## EXERCISE OBJECTIVE
Repeat the data below in full. Pictures must not be part of the copy.
** Opening DATA PROVIDED block **
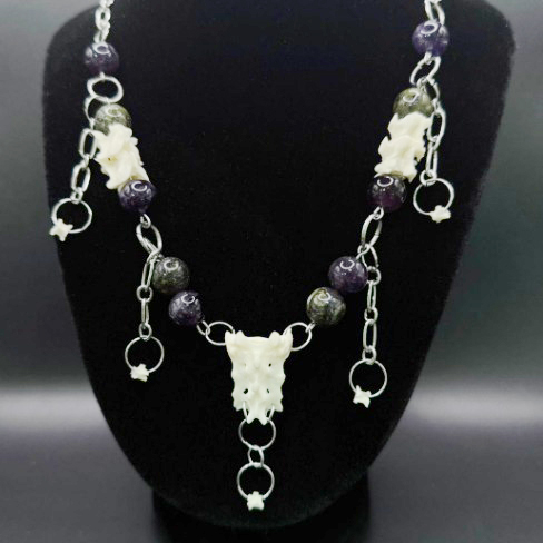 Яшма (Земля) — ваш якорь в материальном мире. Этот камень прочно удерживает вас «здесь и сейчас», даёт чувство стабильности, телесной силы и уверенности под ногами. Он не позволяет духовным поискам превратиться в оторванные от жизни фантазии, помогая воплощать идеи в реальность. Аметист (Небо/Дух) — ваш мост к высшим сферам. Он открывает канал для тонкой интуиции, высшего знания и внутреннего покоя, способствуя связи с духовными наставниками и собственным высшим «Я». Его энергия приносит ясность ума и умиротворение, необходимое для медитации и озарений. Позвонки животных — символический хребет, соединяющий миры. Эти природные элементы олицетворяют единство всех уровней бытия — инстинктивного, материального и духовного. Они напоминают, что тело и дух неразделимы, и мудрость природы ведёт к целостности.
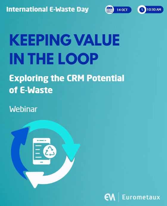 On 14 October 2025 at 10:30 CEST, Eurometaux will host a webinar to mark International E-Waste Day: “Keeping Value in the Loop: Exploring the CRM Potential of E-Waste.”
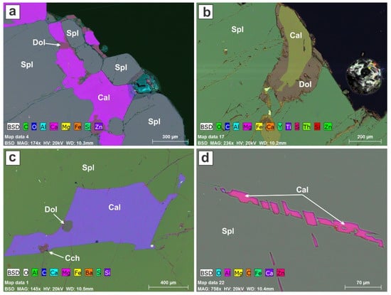 False-color EDS element-distribution maps of the spinel crystal. (a,b) Calcite and dolomite mineralization at the periphery of the spinel crystal. (c) Large calcite inclusion in the center of the spinel crystal (Figure S3). (d) Unusual string-like arrangement of calcite inclusions close to the periphery of the spinel crystal.
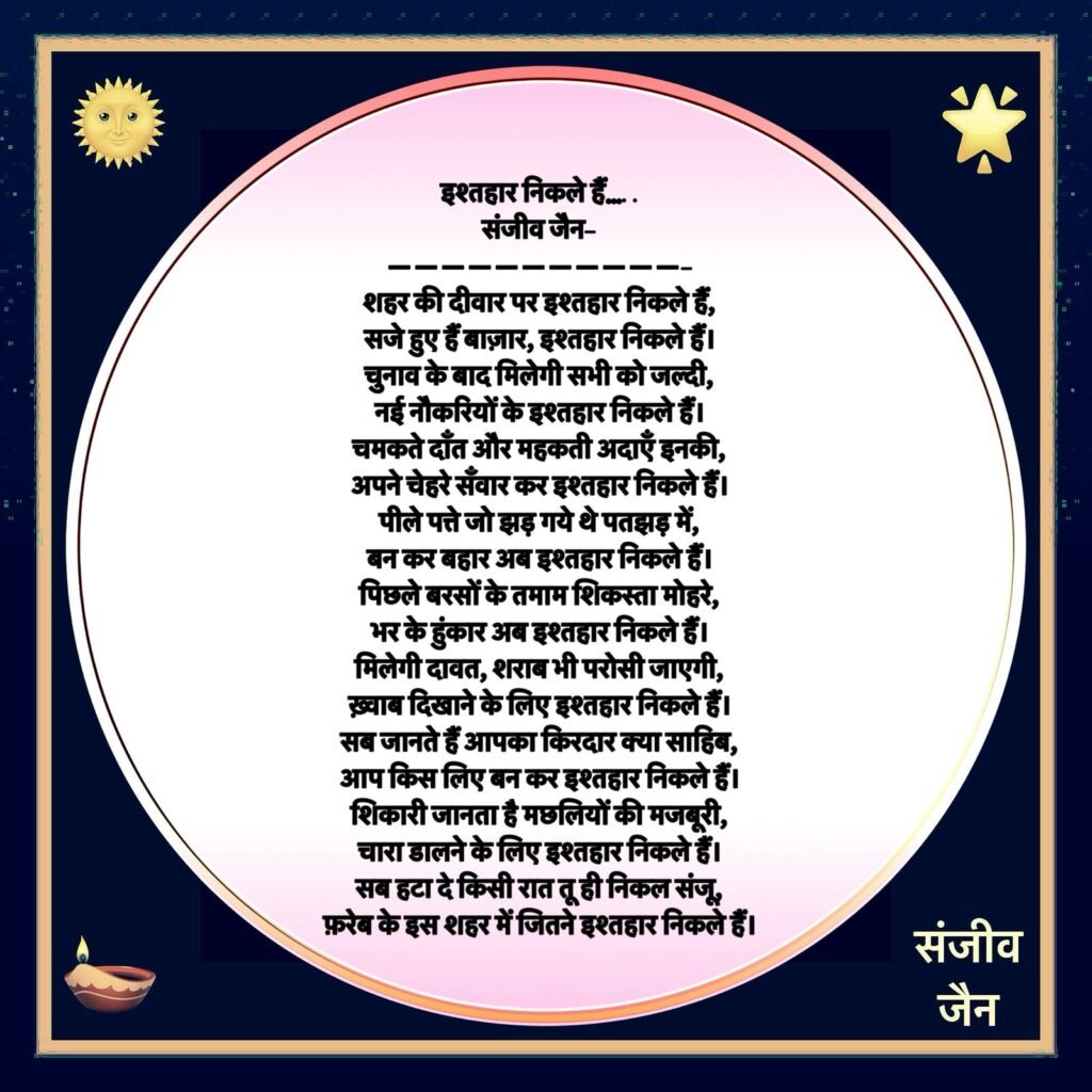 चुनावी मौसम आते ही देश के शहरी और ग्रामीण परिदृश्य में एक विशेष प्रकार की हलचल दिखाई देने लगती है। सड़कों के किनारे, दीवारों पर, चौराहों पर, समाचार पत्रों, डिजिटल प्लेटफॉर्म और सोशल मीडिया तक—हर ओर संदेशों की बाढ़ सी आ जाती है। ये संदेश केवल सूचनाएं नहीं होते, बल्कि वादों, उम्मीदों, सपनों और आकांक्षाओं का ऐसा संसार रचते हैं, जो आम नागरिक को भविष्य के सुनहरे चित्र दिखाते हैं। इसी सामाजिक-राजनीतिक यथार्थ को साहित्यकार संजीव जैन ने अपनी कविता “इश्तहार निकले हैं” में प्रतीकात्मक और व्यंग्यात्मक शैली में अभिव्यक्त किया है।
** Closing DATA PROVIDED block **
## ANSWER SPACE
 Яшма (Земля) — ваш якорь в материальном мире. Этот камень прочно удерживает вас «здесь и сейчас», даёт чувство стабильности, телесной силы и уверенности под ногами. Он не позволяет духовным поискам превратиться в оторванные от жизни фантазии, помогая воплощать идеи в реальность. Аметист (Небо/Дух) — ваш мост к высшим сферам. Он открывает канал для тонкой интуиции, высшего знания и внутреннего покоя, способствуя связи с духовными наставниками и собственным высшим «Я». Его энергия приносит ясность ума и умиротворение, необходимое для медитации и озарений. Позвонки животных — символический хребет, соединяющий миры. Эти природные элементы олицетворяют единство всех уровней бытия — инстинктивного, материального и духовного. Они напоминают, что тело и дух неразделимы, и мудрость природы ведёт к целостности.
 On 14 October 2025 at 10:30 CEST, Eurometaux will host a webinar to mark International E-Waste Day: “Keeping Value in the Loop: Exploring the CRM Potential of E-Waste.”
 False-color EDS element-distribution maps of the spinel crystal. (a,b) Calcite and dolomite mineralization at the periphery of the spinel crystal. (c) Large calcite inclusion in the center of the spinel crystal (Figure S3). (d) Unusual string-like arrangement of calcite inclusions close to the periphery of the spinel crystal.
 चुनावी मौसम आते ही देश के शहरी और ग्रामीण परिदृश्य में एक विशेष प्रकार की हलचल दिखाई देने लगती है। सड़कों के किनारे, दीवारों पर, चौराहों पर, समाचार पत्रों, डिजिटल प्लेटफॉर्म और सोशल मीडिया तक—हर ओर संदेशों की बाढ़ सी आ जाती है। ये संदेश केवल सूचनाएं नहीं होते, बल्कि वादों, उम्मीदों, सपनों और आकांक्षाओं का ऐसा संसार रचते हैं, जो आम नागरिक को भविष्य के सुनहरे चित्र दिखाते हैं। इसी सामाजिक-राजनीतिक यथार्थ को साहित्यकार संजीव जैन ने अपनी कविता “इश्तहार निकले हैं” में प्रतीकात्मक और व्यंग्यात्मक शैली में अभिव्यक्त किया है।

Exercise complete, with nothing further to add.